Pre-run predictions will be filed going forward. The adversarial-predictions workflow in MODELBATTLES_VOICE.md is the right structure — we publish what we expected before seeing results, and score the misses. Omitting them here means this article cannot do that properly.
What we don’t know yet
[Unobserved / Speculation]
The task_01 miss (OPR 0.60–0.75 across three runs) is wide enough that a single follow-up campaign targeting task_01 alone would tell us whether this is a consistent ceiling or variance from the 3-run sample size. Run 2 dropping to 0.60 is a bigger miss than the other two, and 3 runs is a narrow window for a 30-hand stochastic task.
The tool_call_redundancy pattern (repeated deal and hit commands in task_01) is present across all three task_01 runs but absent from task_02/04 runs. Whether the redundancy is causing the accuracy drop or is just a correlate of the high-call-count task structure — we don’t know. The engine handles duplicates gracefully, so it isn’t failing the run, but it might be consuming context that a model with cleaner tool-call discipline would use differently.
[Unobserved] We scanned for diagnosis_then_regression in all 15 runs and found none. That is an explicit null result, not an absence of analysis. Llama’s failure mode is consistent wrong decisions without the self-contradiction pattern seen in Sonnet 4.6.
[Speculation] The task_04 solve suggests Llama might do better on shorter, higher-stakes tasks (bankroll pressure, few hands) than on longer endurance tasks (30-50 hands). If the harness ever adds a task in the 10-hand, high-pressure format, Llama might move up the leaderboard meaningfully.
Leaderboard position
[Observed]
Pre-expansion leaderboard (five models). The 7-model table including Opus 4.8 and Nova Pro publishes separately.

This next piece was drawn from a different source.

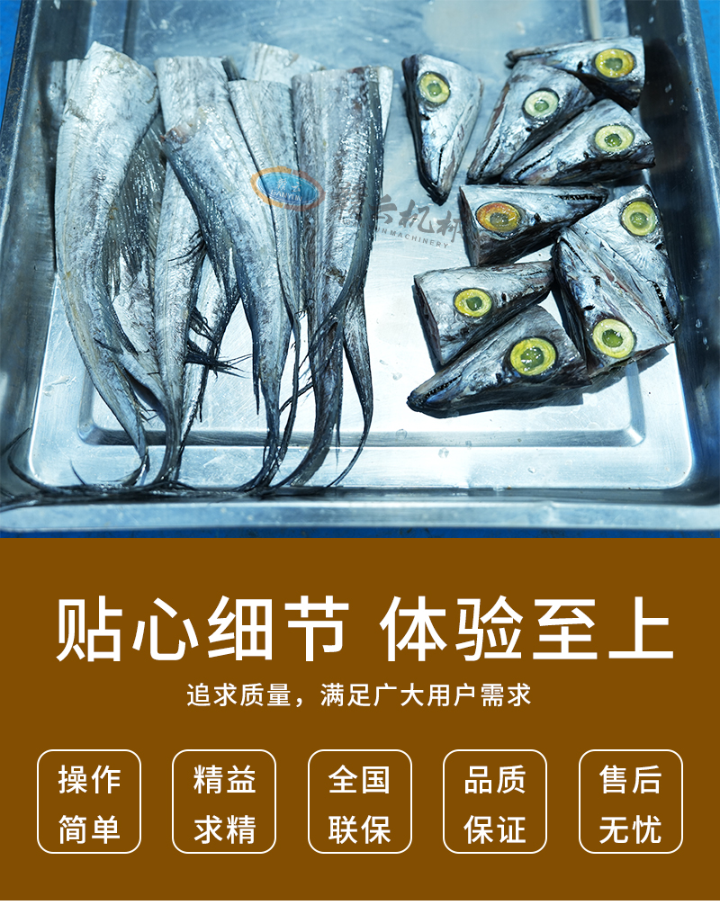 適用于鮮帶魚、微凍帶魚、秋刀魚、鱈魚、鲅魚、海帶、肉干、長條果蔬、鮮肉等長條物料快速切段。

| Rank | Model | Score | Pass rate | Avg cost/run |
|---|---|---|---|---|
| 1 | Mistral Large 3 | 10/15 | 67% | $0.051 |
| 2 | Llama 3.3 70B | 8/15 | 53.3% | $0.071 |
| 3 | Claude Haiku 4.5 | 6/15 | 40% | $0.005 |
| 4 | GPT-4o Turbo | 3/15 | 20% | $0.261 |
| 5 | Claude Sonnet 4.6 | 3/15 | 20% | $0.378 |
Llama 3.3 70B is the only model in this table that passes task_04. That will still be true when the 7-model table publishes.